The listing below is to be written out word for word, minus its images.

--- Available data Enclosed Below ---

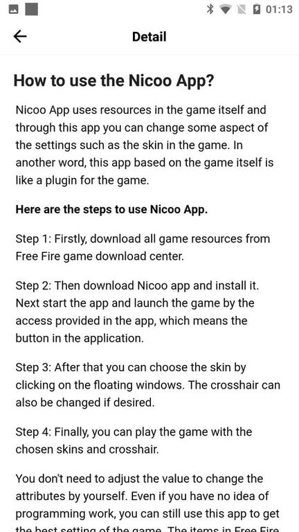 Note: While Nicoo offers a wide range of skins and customization options, it's important to note that this is a third-party app and not officially associated with Free Fire. Using the app may result in the risk of account suspension if detected, so proceed with caution after any game updates.
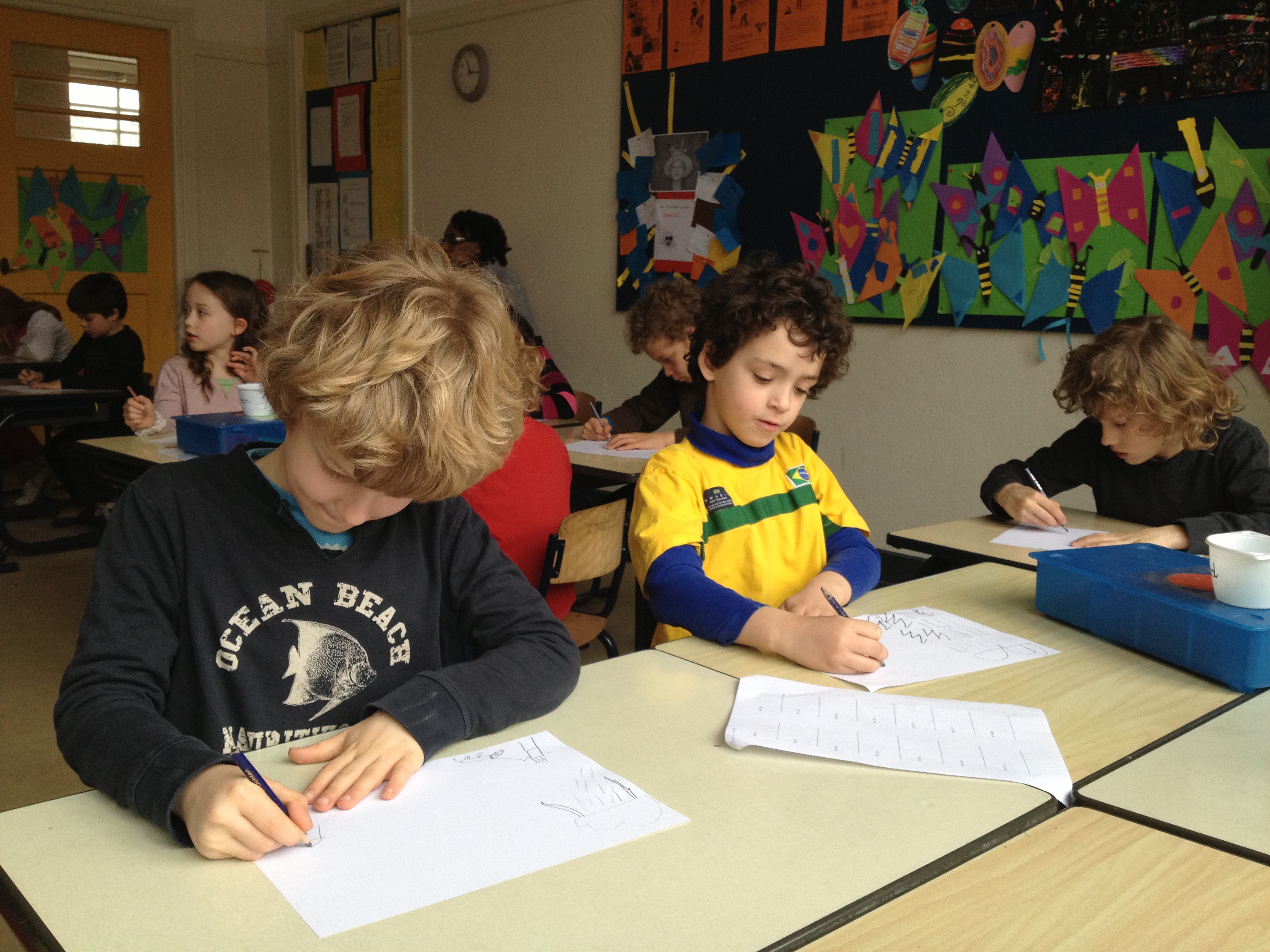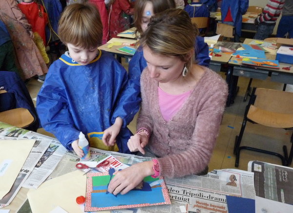 Vanmorgen was Claudi weer bij ons in 4b. Nu begon het echte werk pas goed. Ook meester Alex was meegekomen. Een echte vakman, dat zie je aan alles. We zijn nu een flink eind op weg naar echte Kesseltjes. O Claudi, als dat maar geen concurrenten voor je worden. Er zitten al prachtige werkjes bij. Volgende week de finishing touch….
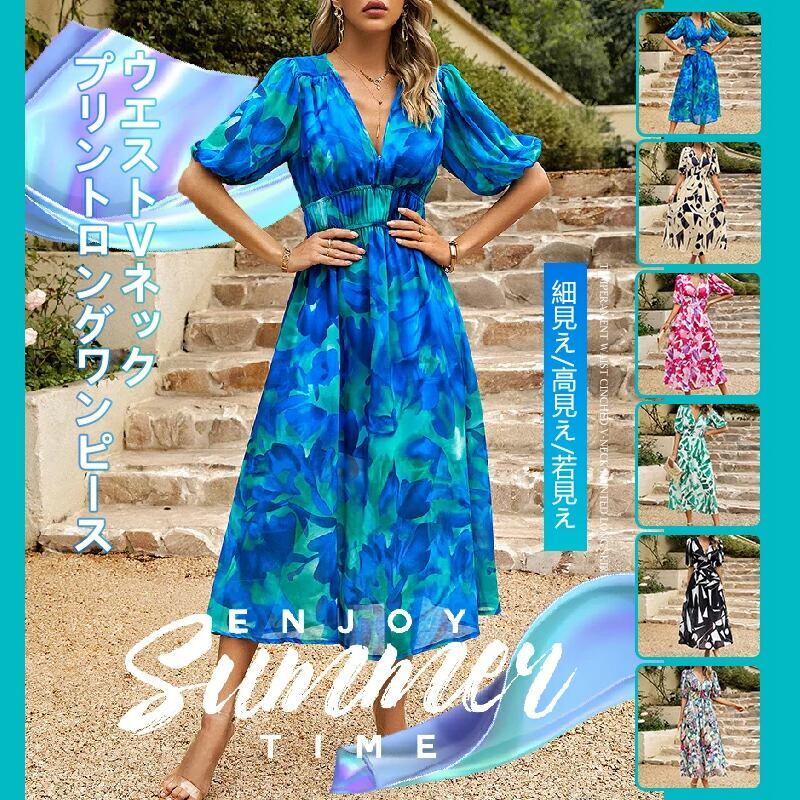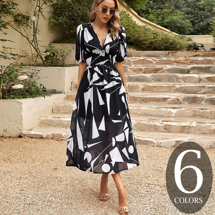 目を奪われる ランタンスリーブ 半袖 エレガント Vネック プリントワンピース 大人カジュアル fashion ootd 夏コーデ ファッション coordinateコーディネート 夏服 カジュアルコーデ 今日のコーデ 大人コーデ レディースGF5184

--- End of Enclosed Available data ---

# [Exercise response]
 Note: While Nicoo offers a wide range of skins and customization options, it's important to note that this is a third-party app and not officially associated with Free Fire. Using the app may result in the risk of account suspension if detected, so proceed with caution after any game updates.
 Vanmorgen was Claudi weer bij ons in 4b. Nu begon het echte werk pas goed. Ook meester Alex was meegekomen. Een echte vakman, dat zie je aan alles. We zijn nu een flink eind op weg naar echte Kesseltjes. O Claudi, als dat maar geen concurrenten voor je worden. Er zitten al prachtige werkjes bij. Volgende week de finishing touch….
 目を奪われる ランタンスリーブ 半袖 エレガント Vネック プリントワンピース 大人カジュアル fashion ootd 夏コーデ ファッション coordinateコーディネート 夏服 カジュアルコーデ 今日のコーデ 大人コーデ レディースGF5184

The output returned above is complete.